The WikiLeaks episode then might best be understood in a broader context, encompassing the media as well as a foreign policy establishment in which leaking has become an accepted, even encouraged, method of arguing one’s case. Leaking by the foreign policy bureaucracies to undermine Bush administration policy was epidemic over the course of his two terms. During that time, leaking to the national press became commonplace, and because so many had a stake in fighting Bush—from his own secretary of state to the New York Times—it offended the sensibilities of very few. Indeed, after Bush’s reelection in 2004, W. Patrick Lang, a former Defense Intelligence Agency official said of the CIA, “Of course they were leaking. They told me about it at the time. They thought it was funny. They’d say things like, ‘This last thing that came out, surely people will pay attention to that. They won’t reelect this man.’?”

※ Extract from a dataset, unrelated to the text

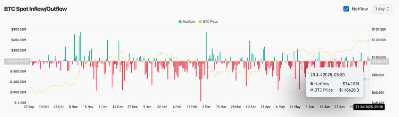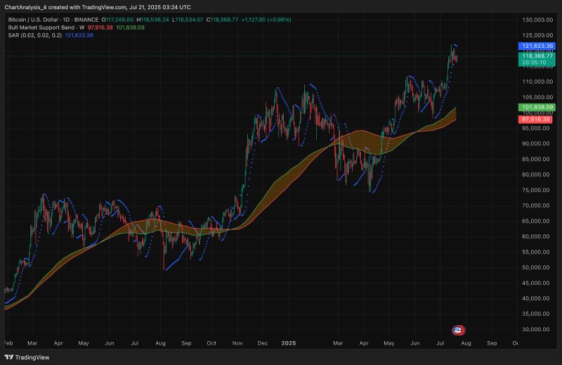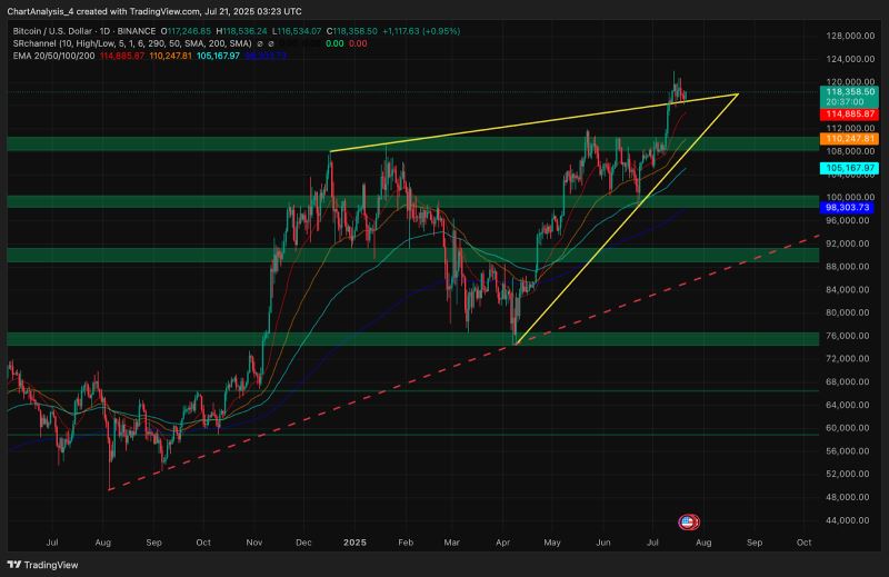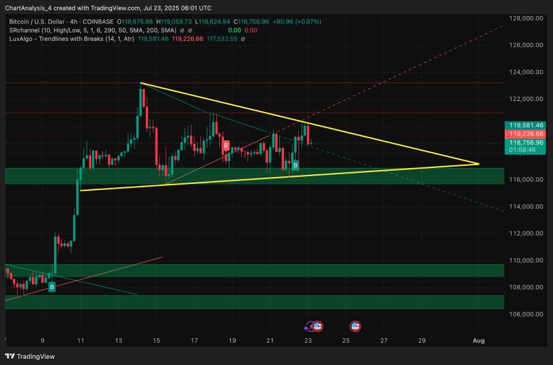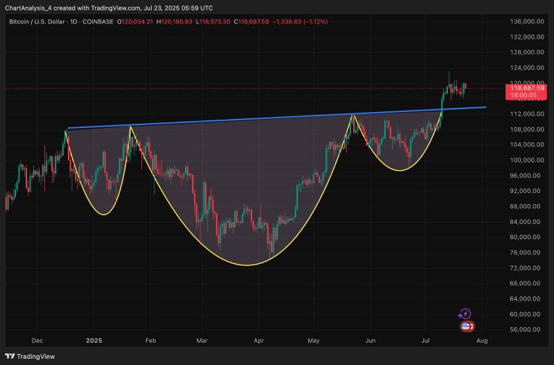 截至7月23日,比特币交易价格约为118,700美元,在突破日线图上典型的倒头肩形态后,目前处于盘整阶段。上周,比特币突破了112,000美元的颈线位,此后价格一路上涨至120,180美元的局部高点,随后出现停滞。交易员们目前正在评估,在日内价格走势趋紧的背景下,比特币能否维持其看涨结构。

The WikiLeaks dump is ultimately more than an escalation of this trend, however. The massive size and indiscriminateness of the cable dump bespeaks not a fight over a specific policy, but a shapeless outpouring of anti-American animus. It is no use trying to understand Assange or Manning’s exact motives, just as attempts to interpret Osama bin Laden’s precise goals on 9/11 seldom repay the effort. What they have done is an act of cyberterrorism that will aid those waging war against U.S. citizens, interests, and allies. If the Obama administration has failed to respond commensurately, it is only partly because the president and his attorney general are still trying to convince themselves, and the American public, that our wars should be left largely to the police and civilian trials. It is also because for too long now our press corps and policymakers have collaborated in a naïve and foolish game that, as we have seen, and will unfortunately continue to see, gets people killed, including American citizens. Our allies in the Middle East will only be the first to pay the price.
Lee Smith is a visiting fellow at Hudson Institute and is the author of The Strong Horse: Power, Politics and the Clash of Arab Civilizations (Doubleday, 2010).